#### Your task
Copy the data verbatim and leave out every picture.

(Collection entries)

======

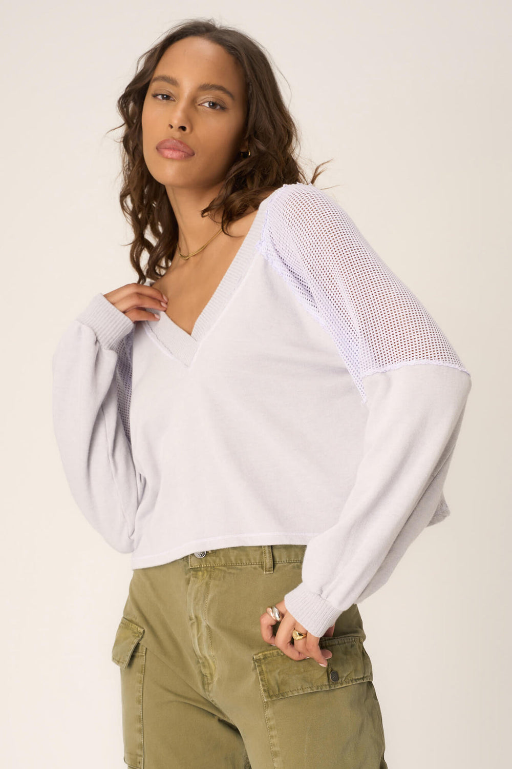 The Harley Seamed V-Neck Pullover features an overall relaxed fit and a lightweight fleece fabric. We left no detail overlooked: oversized v-neckline and back silhouette, contrast rib edging, banded cuffs, and mesh fabric sleeves. Pair with your fave pair of baggy denim for the coolest weekend vibe.
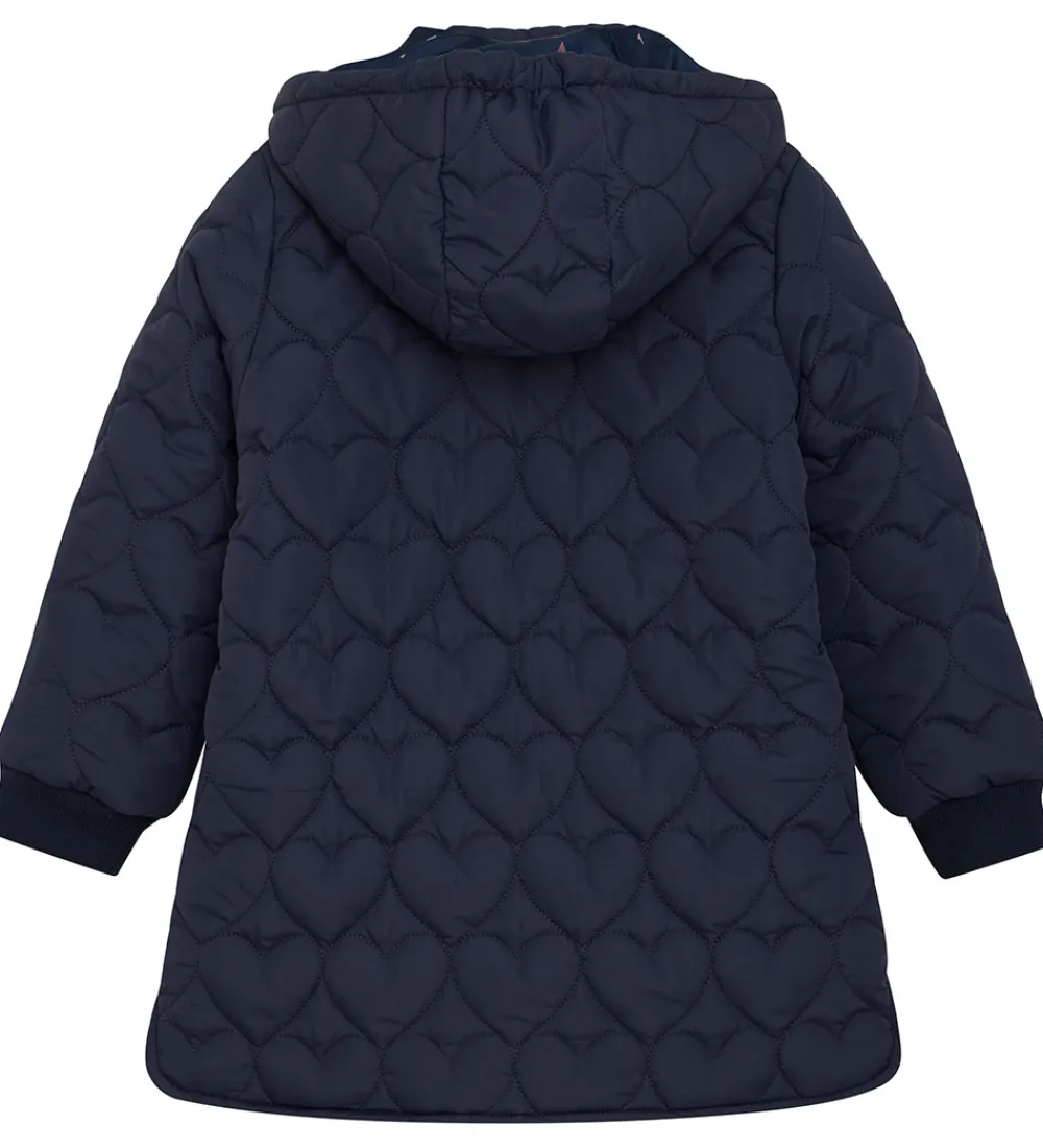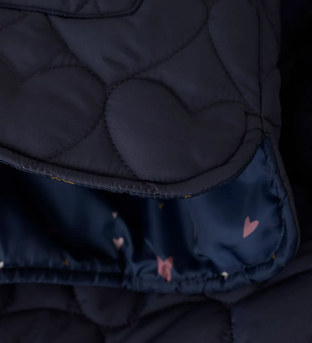 Praktisk Minymo termojakke i navyblå med hjerteformet quiltet struktur.
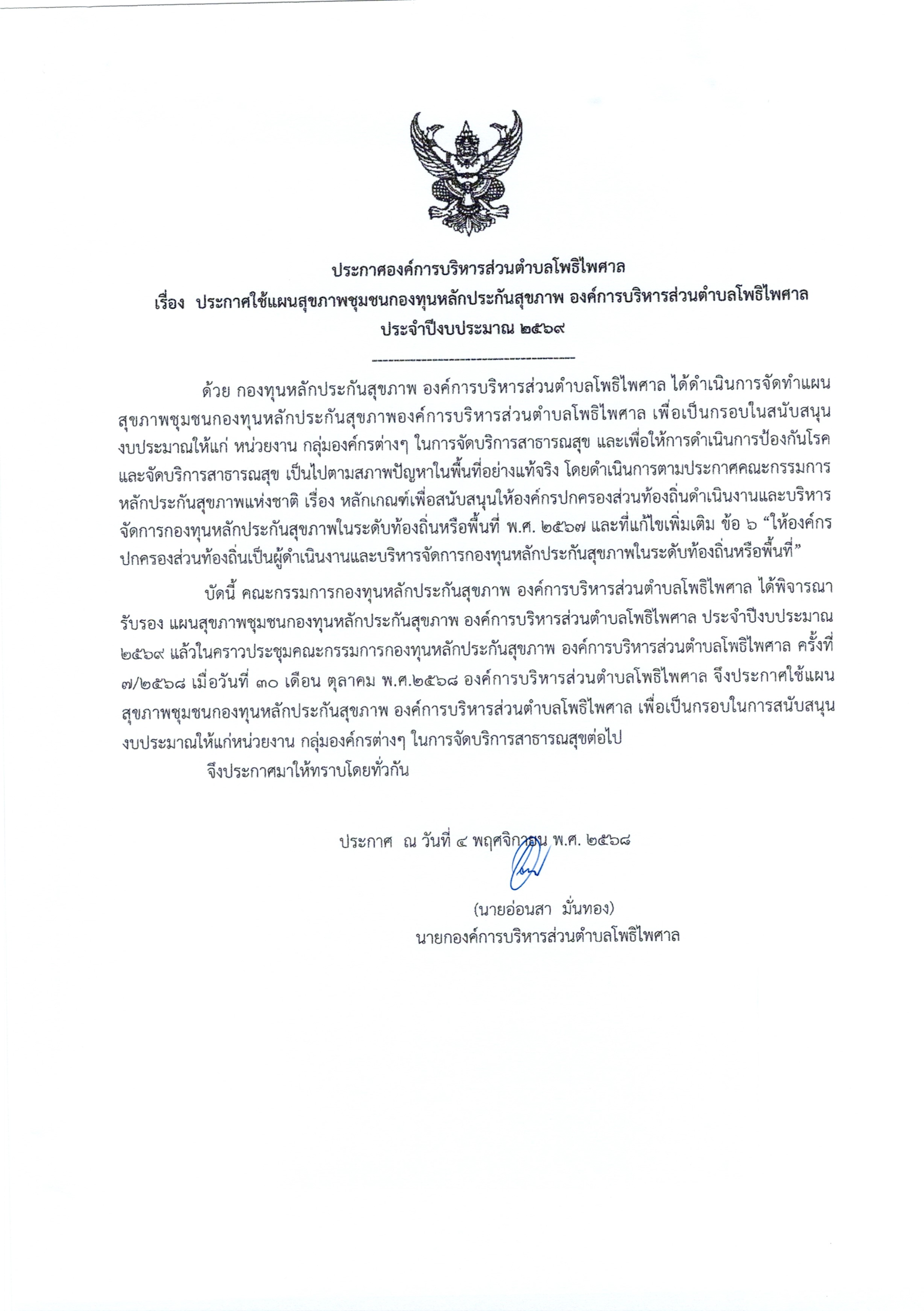 ประกาศใช้แผนสุขภาพชุมชนกองทุนหลักประกันสุขภาพ อบต.โพธิไพศาล ประจำปีงบประมาณ 2569
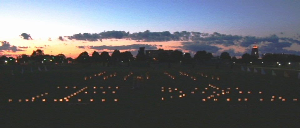 反迫害十周年,学员烛光守夜悼同修,烛光摆出的“正法”两个字
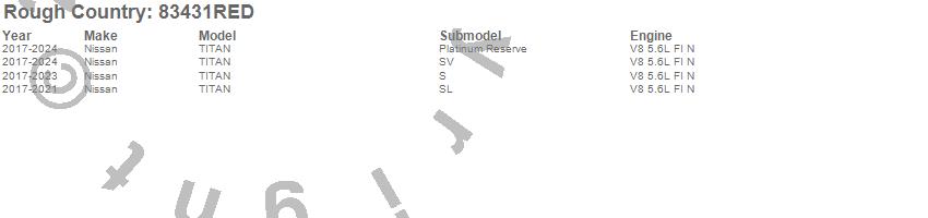 Below is an abbreviated list of applications for the Suspension Lift Kit w/Shocks.TITAN, Nissan, 2024, 2023, 2022, 2021, 2020, 2019, 2018, 2017
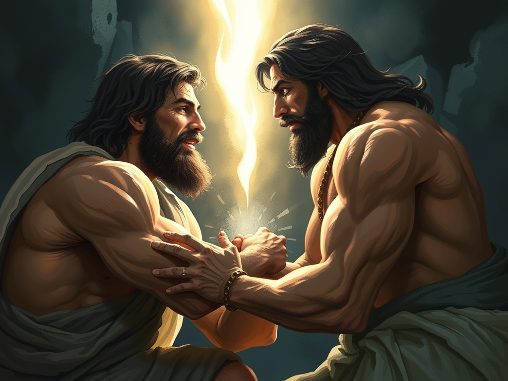 That night, Jacob crossed the Jabbok, where Jacob is found alone that night. During the night a man wrestles with Jacob until the morning. When the man did not win, he put Jacob’s hip out of socket. Jacob still will not let the man go until he blesses Jacob. Then the man tells Jacob his name from then on is Israel because “You have striven with God and with men and prevailed” (Genesis 32:28). Jacob called the place Peniel “For I have seen God face to face, and yet my life has been delivered.”
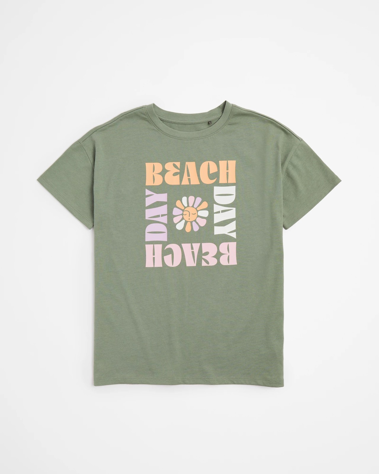 Indulge in sustainable style with our Organic Cotton Graphic Print Longline T-shirt. Made with the finest organic cotton, this girls' t-shirt features a trendy longline fit, classic crew neck, and eye-catching graphic print to the front. The short sleeves and straight hem add a casual vibe, perfect for everyday wear. Upgrade your wardrobe with this eco-friendly, fashion-forward piece today!

======

#### Exercise answer
 The Harley Seamed V-Neck Pullover features an overall relaxed fit and a lightweight fleece fabric. We left no detail overlooked: oversized v-neckline and back silhouette, contrast rib edging, banded cuffs, and mesh fabric sleeves. Pair with your fave pair of baggy denim for the coolest weekend vibe.
 Praktisk Minymo termojakke i navyblå med hjerteformet quiltet struktur.
 ประกาศใช้แผนสุขภาพชุมชนกองทุนหลักประกันสุขภาพ อบต.โพธิไพศาล ประจำปีงบประมาณ 2569
 反迫害十周年,学员烛光守夜悼同修,烛光摆出的“正法”两个字
 Below is an abbreviated list of applications for the Suspension Lift Kit w/Shocks.TITAN, Nissan, 2024, 2023, 2022, 2021, 2020, 2019, 2018, 2017
 That night, Jacob crossed the Jabbok, where Jacob is found alone that night. During the night a man wrestles with Jacob until the morning. When the man did not win, he put Jacob’s hip out of socket. Jacob still will not let the man go until he blesses Jacob. Then the man tells Jacob his name from then on is Israel because “You have striven with God and with men and prevailed” (Genesis 32:28). Jacob called the place Peniel “For I have seen God face to face, and yet my life has been delivered.”
 Indulge in sustainable style with our Organic Cotton Graphic Print Longline T-shirt. Made with the finest organic cotton, this girls' t-shirt features a trendy longline fit, classic crew neck, and eye-catching graphic print to the front. The short sleeves and straight hem add a casual vibe, perfect for everyday wear. Upgrade your wardrobe with this eco-friendly, fashion-forward piece today!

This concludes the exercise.